=== Section Start ===

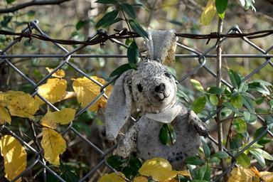 Keywords: stuffed animal old forget lost wire mesh fence wire fence fence security barrier symbol demarcation fenced leaves plant autumn imprisoned
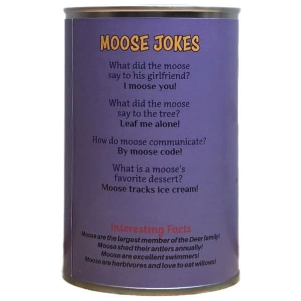 • Funny moose jokes and an interesting fact on the can.
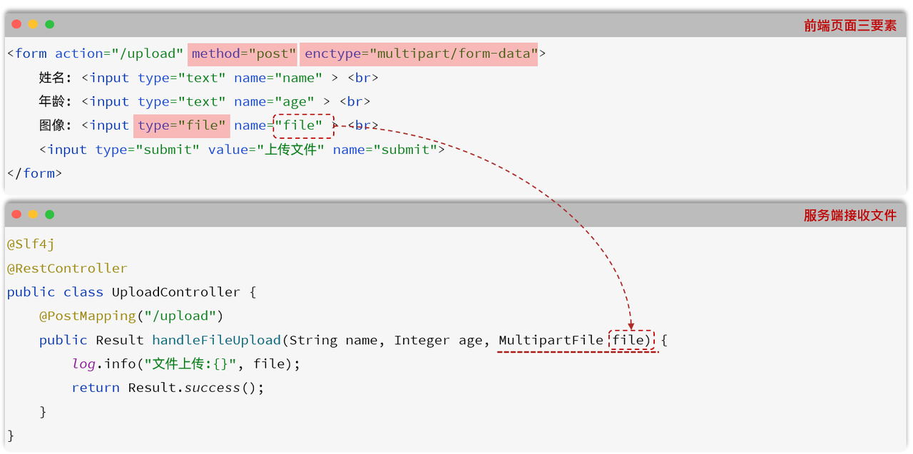 log.info("上传文件:{}, {}, {}", username, age, file);
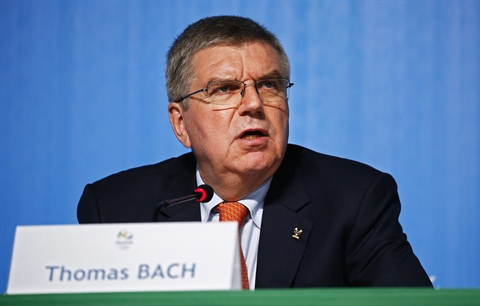 | Le président du CIO, Thomas Bach, lors d'une conférence de presse le 4 août à Rio. |
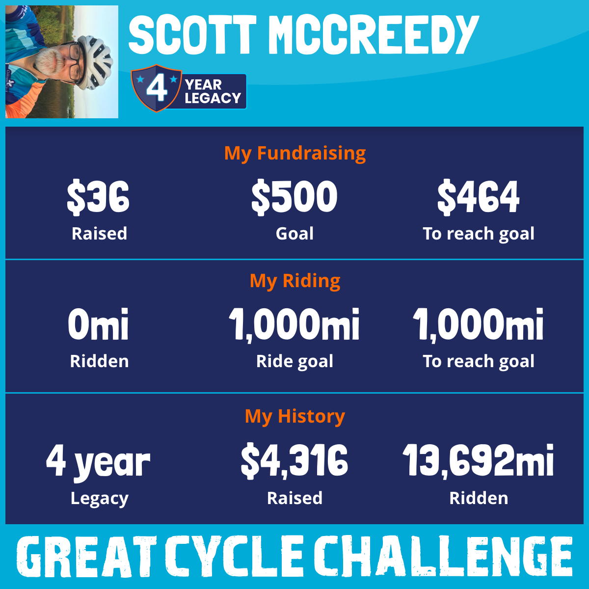 5,796 mi Ridden$1,283 Raised2023

=== Section End ===

> **Task brief**
Leave out the pictures. Transcribe the rest of the listing above exactly.

> **Task result**
 Keywords: stuffed animal old forget lost wire mesh fence wire fence fence security barrier symbol demarcation fenced leaves plant autumn imprisoned
 • Funny moose jokes and an interesting fact on the can.
 log.info("上传文件:{}, {}, {}", username, age, file);
 | Le président du CIO, Thomas Bach, lors d'une conférence de presse le 4 août à Rio. |
 5,796 mi Ridden$1,283 Raised2023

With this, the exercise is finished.